Given records.
-------

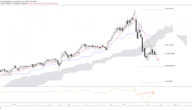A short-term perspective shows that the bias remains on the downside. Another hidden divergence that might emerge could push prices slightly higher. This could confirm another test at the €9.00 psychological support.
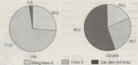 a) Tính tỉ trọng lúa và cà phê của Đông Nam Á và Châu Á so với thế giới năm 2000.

-------

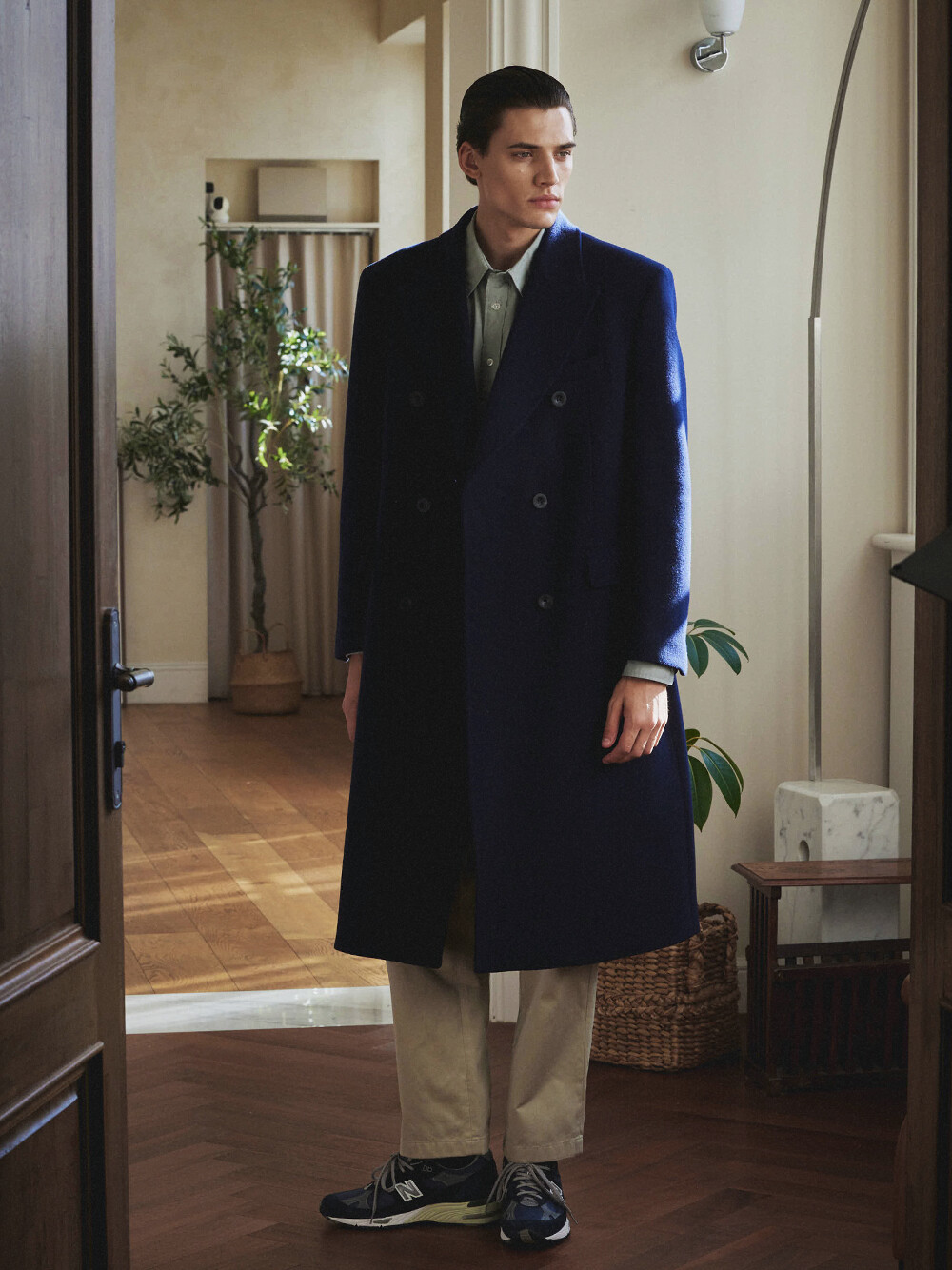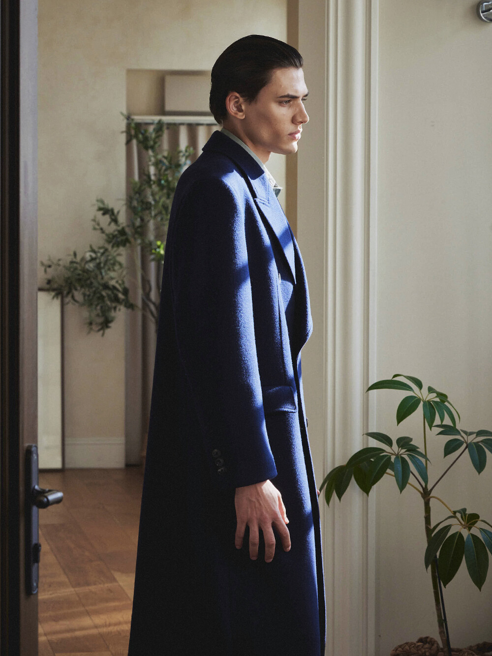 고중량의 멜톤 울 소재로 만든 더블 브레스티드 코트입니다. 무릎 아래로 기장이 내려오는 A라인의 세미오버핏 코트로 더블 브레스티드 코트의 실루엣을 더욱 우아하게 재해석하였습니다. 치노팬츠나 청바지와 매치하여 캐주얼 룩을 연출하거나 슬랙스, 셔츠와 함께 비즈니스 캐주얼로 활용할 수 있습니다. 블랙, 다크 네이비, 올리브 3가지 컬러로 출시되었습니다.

-------

Your goal.
Word for word, retype the lines in the entries above that run from the one with "A short-term perspective" through the one with "a) Tính tỉ trọng". Both ends count; pictures do not.

Task output.
A short-term perspective shows that the bias remains on the downside. Another hidden divergence that might emerge could push prices slightly higher. This could confirm another test at the €9.00 psychological support.
 a) Tính tỉ trọng lúa và cà phê của Đông Nam Á và Châu Á so với thế giới năm 2000.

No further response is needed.